__TASK DATA__
'''

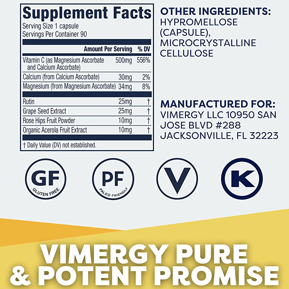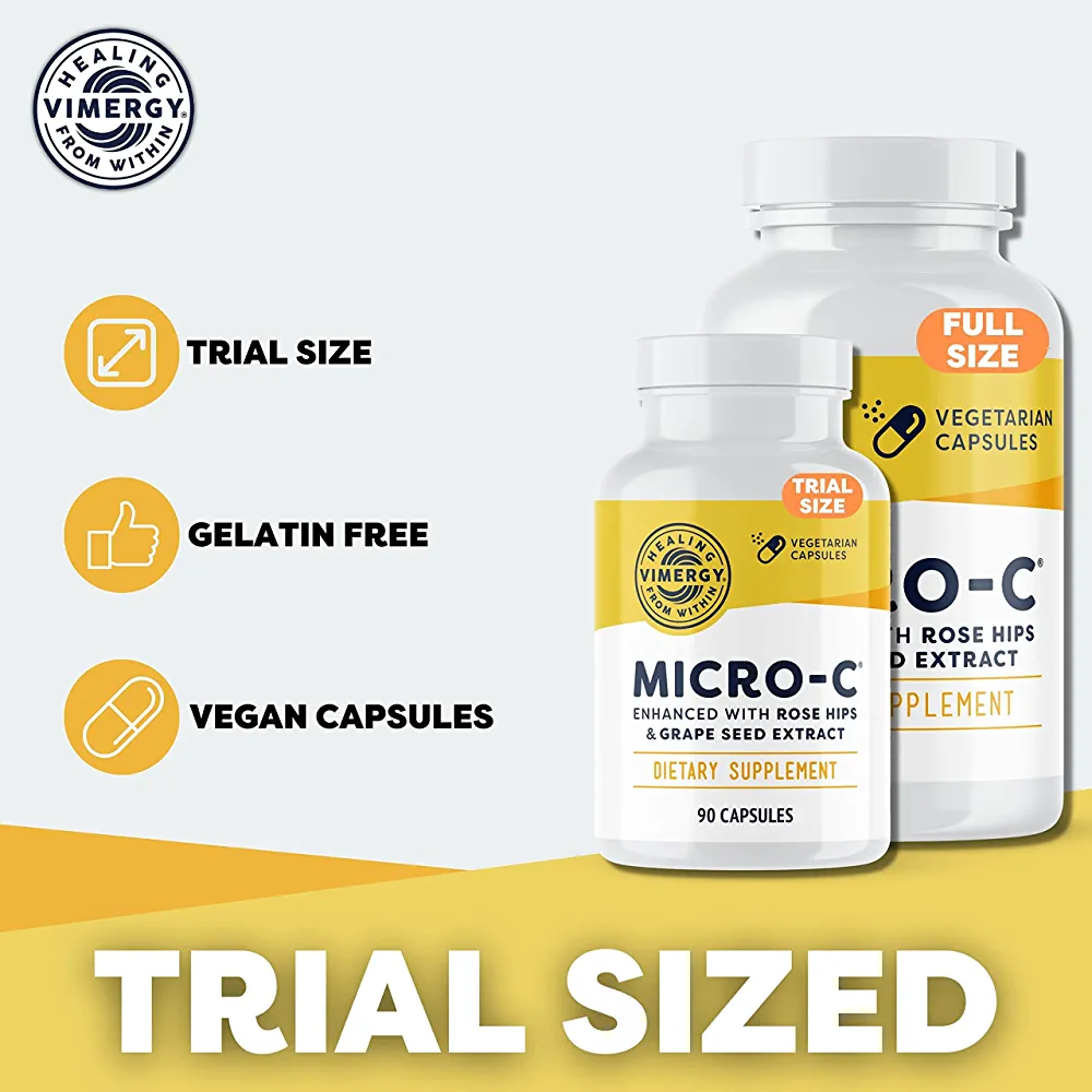| nameOriginal | Vimergy Micro-C, Trial Size – 90 Servings – 500mg All-Natural Buffered Vitamin C Capsules with Rose Hips, Rutin, Grape Seed & Acerola Fruit Extract – Supports a Healthy Immune System & Skin Health |
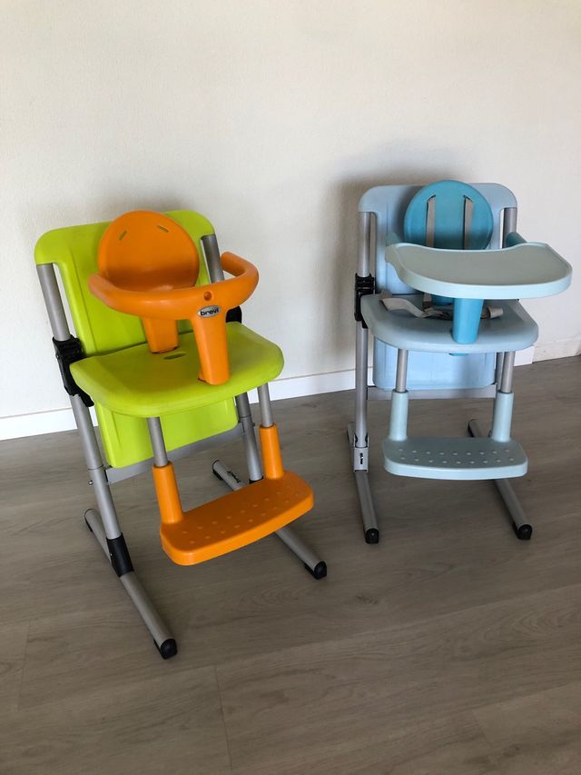 Detalles del productoSe venden dos sillas evolutivas de la marca Brevi modelo Skex. Son de color verde lima y azul celeste, y están en buen estado.
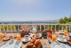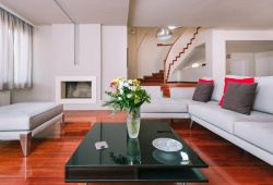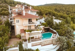 Villa Politia has a view of the entire city and is located in the most upscale area in Athens. The top floor has five large bedrooms, including a master bedroom; one is a romantic attic with two more beds and a separate bathroom; there are three living areas with every comfort imaginable; one has a large kitchen, dining room, and sitting area; the other two have direct access to the private pool and garden area, inviting you to unwind and take in the stunning view. In addition, Villa Politia has TV screens, a bar, sun loungers near the pool, an elevator, private parking, Wi-Fi, and fire pits (for winter guests). The villa can accommodate up to 17 persons. Villa Polita has easy access to the airport and the highway to nearby Athens attractions, such as Delphi, Mycenae, Nafplion, Epidavros, and many more, which is just as crucial as being close to the city's historic core, upscale retail centers, and nightlife. The highway is easily accessible, allowing for a 30-minute drive to Piraeus Port or a day at the beach. You can take a one-day trip to several of the nearby islands from there. The best of Athens coupled with laid-back elegance is what this year-round location has to offer.
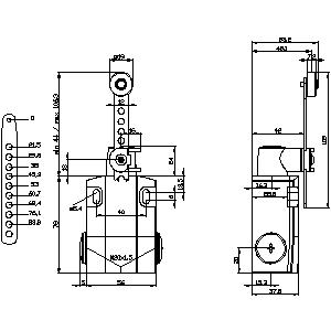 Positionsschalter mit Schwenkhebel, längenverstellbar mit Rasterbohrung, Breite 56mm
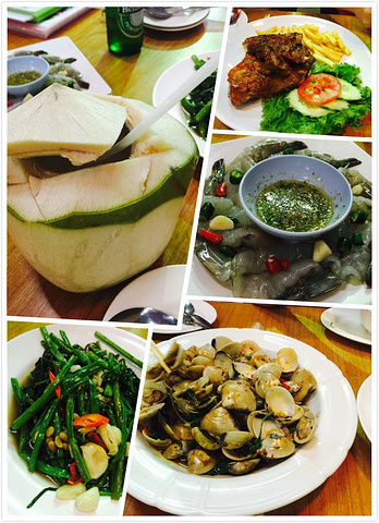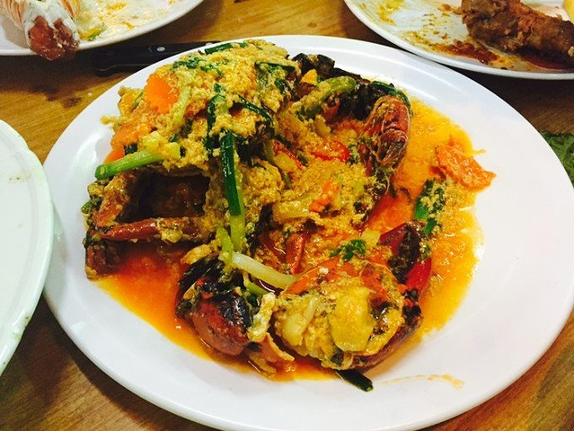 也非常好吃!图是咖喱蟹,好好吃啊!另外还有猪排、鲜虾刺身、烤生蚝和空心菜(泰国的空心菜太好吃了
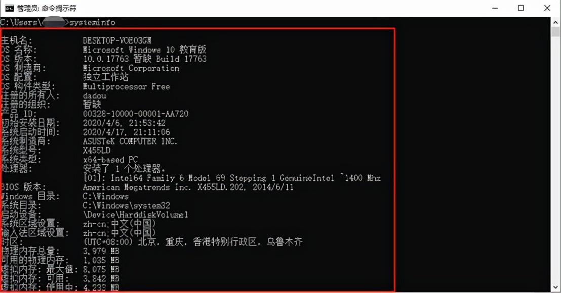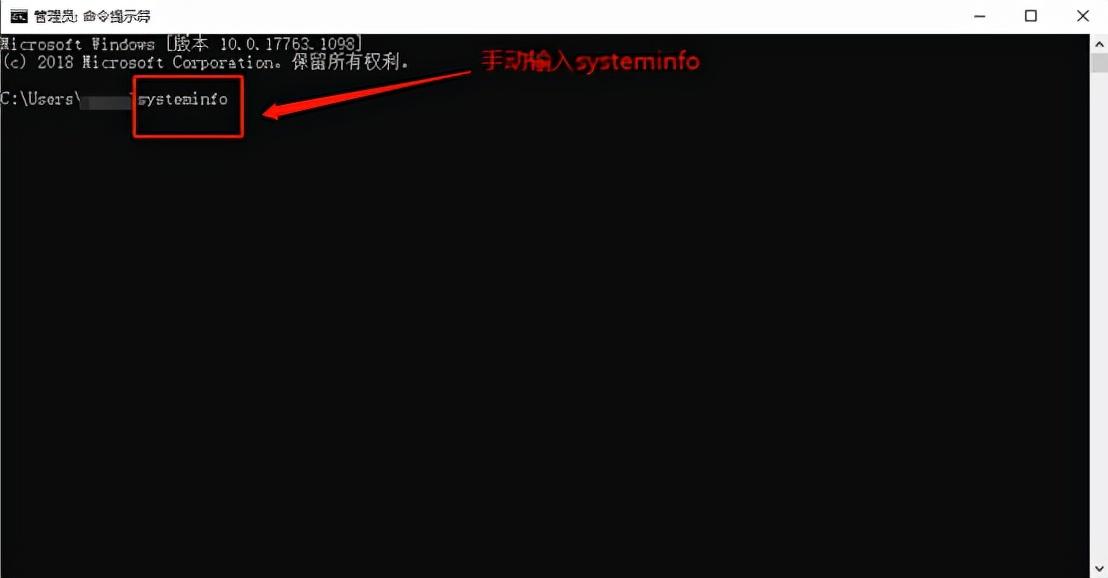 此时会出现管理员:命令提示符对话框,这里需要手动输入“systeminfo”,输入完毕后,按下Enter键。
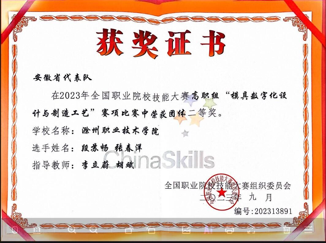 8月22日-25日,2023年全国职业院校技能大赛高职组“模具数字化设计与制造工艺”赛项在湖南工业职业技术学院拉开帷幕。来自全国各地56支参赛队伍的112名选手齐聚长沙同台竞技,Beat365学生模具专业学生张春洋、新能源汽车专业学生段苏畅组建的参赛队伍代表安徽省参赛,在教师胡斌和李立蔚指导下沉着应战,努力拼搏,以优异成绩荣获本次比赛二等奖。
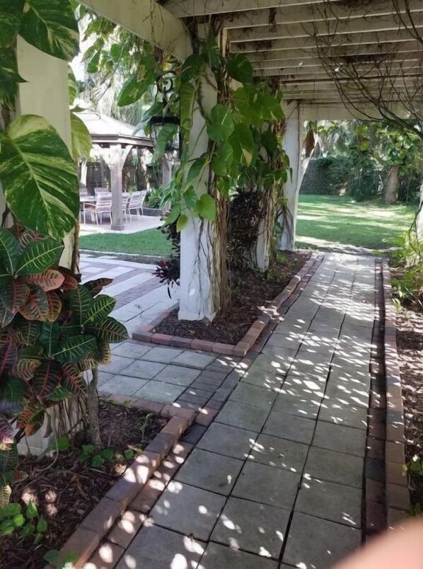 Huge back yard with gazebo and bar-b-que. Large table with seating for 8
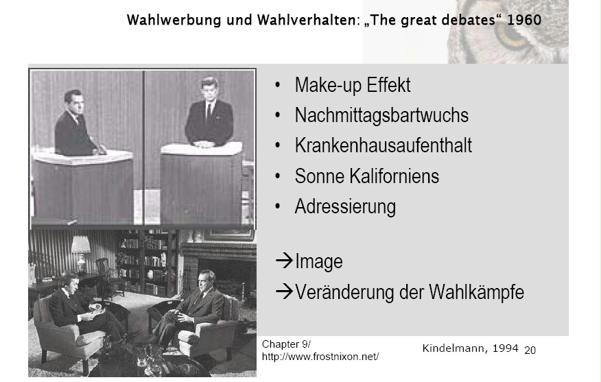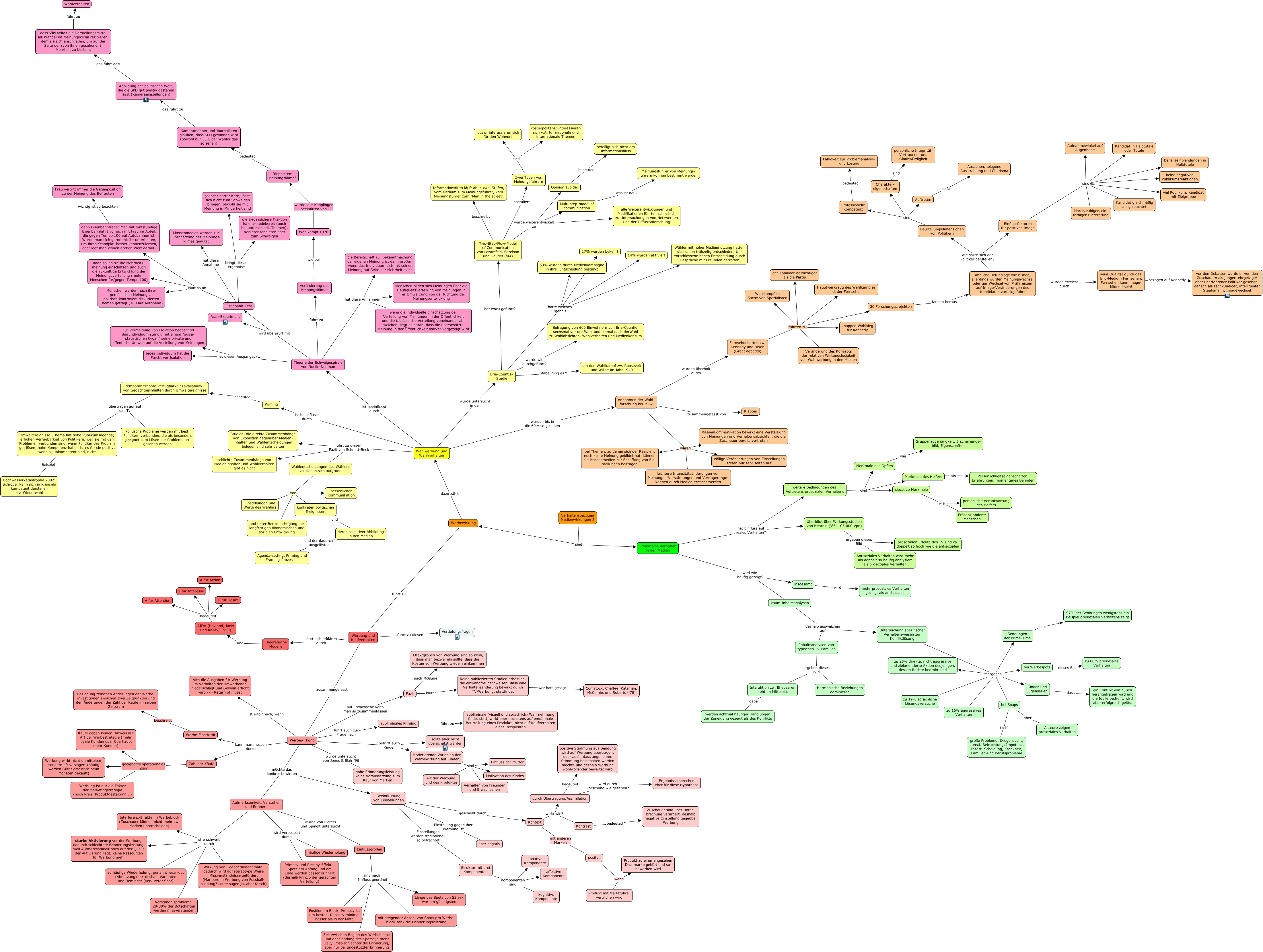 Dieses mit IHMC CmapTools erstellte CMap hat Informationen bezüglich: 15.Verhaltensbezogen Medienwirkungen 2 Prosoziales Verhalten und Werbung, ähnliche Befundlage wie bisher, allerdings wurden Meinungswechsel oder gar Wechsel von Präferenzen auf Image-Veränderungen des Kandidaten zurückgeführt wurden erreicht durch neue Qualität durch das Bild-Medium Fernsehen, Fernsehen kann image- bildend sein!, weitere Bedingungen des Auftretens prosozialen Verhaltens sind Merkmale des Helfers, Werbewirkung auf Erwachsene kann man so zusammenfassen Fazit, Struktur mit drei Komponenten Komponenten sind affektive Komponente, Aufmerksamkeit, Verstehen und Erinnern ist erschwert durch Interferenz-Effekte im Werbeblock (Zuschauer können nicht mehr zw. Marken unterscheiden), Aufmerksamkeit, Verstehen und Erinnern wird verbessert durch Primacy und Receny-Effekte, Spots am Anfang und am Ende werden besser erinnert (deshalb Prinzip der gerechten Verteilung), Aufmerksamkeit, Verstehen und Erinnern ist erschwert durch zu häufige Wiederholung, genannt wear-out (Abnutzung) --> deshalb Varianten und Reminder (verkürzter Spot), AIDA (Hovland, Janis und Kelley, 1953) bedeuted A für Attention, Einflussfaktoren für positives Image sind Aufnahmewinkel auf Augenhöhe, Multi-step-model of communication was ist neu? Meinungsführer von Meinungs- führern können bestimmt werden, Werbewirkung ist erfolgreich, wenn sich die Ausgaben für Werbung im Verhalten der Umworbenen niederschlägt und Gewinn erhöht wird --> Return of invest, Einflussfaktoren für positives Image sind keine negativen Publikumsreaktionen, Kontext mit anderen Marken positv,, Erie-Countie- Studie hatte welches Ergebnis? 53% wurden durch Medienkampagne in ihrer Entscheidung bestärkt, Prosoziales Verhalten in den Medien hat Einfluss auf reales Verhalten? Überblick über Wirkungsstudien von Hearold ('86, 105.000 Vpn), Untersuchung spezifischer Verhaltensweisen zur Konfliktlösung ergaben Sendungen der Prime-Time, dann Eisenbahnfrage: Man hat fünfstündige Eisenbahnfahrt vor sich mit Frau im Abteil, die gegen Tempo 100 auf Autobahnen ist. Würde man sich gerne mit ihr unterhalten, um ihren Standpkt. besser kennenzulernen, oder legt man keinen großen Wert darauf? wichtig ist zu beachten Frau vertritt immer die Gegenposition zu der Meinung des Befragten, Fazit lautet keine publiezierten Studien erhältlich, die einwandfrei nachweisen, dass eine Verhaltensänderung bewirkt durch TV-Werbung, stattfindet, Einflussfaktoren für positives Image sind klarer, ruhiger, ein- farbiger Hintergrund, Eisenbahn-Test hat diese Annahme Massenmedien werden zur Einschätzung des Meinungs- klimas genutzt

'''

__TASK INSTRUCTIONS__
Pictures in the material above should be skipped; print exactly the lines from the one with "Positionsschalter mit Schwenkhebel, längenverstellbar" through the one with "Huge back yard".

__TASK SOLUTION__
 Positionsschalter mit Schwenkhebel, längenverstellbar mit Rasterbohrung, Breite 56mm
 也非常好吃!图是咖喱蟹,好好吃啊!另外还有猪排、鲜虾刺身、烤生蚝和空心菜(泰国的空心菜太好吃了
 此时会出现管理员:命令提示符对话框,这里需要手动输入“systeminfo”,输入完毕后,按下Enter键。
 8月22日-25日,2023年全国职业院校技能大赛高职组“模具数字化设计与制造工艺”赛项在湖南工业职业技术学院拉开帷幕。来自全国各地56支参赛队伍的112名选手齐聚长沙同台竞技,Beat365学生模具专业学生张春洋、新能源汽车专业学生段苏畅组建的参赛队伍代表安徽省参赛,在教师胡斌和李立蔚指导下沉着应战,努力拼搏,以优异成绩荣获本次比赛二等奖。
 Huge back yard with gazebo and bar-b-que. Large table with seating for 8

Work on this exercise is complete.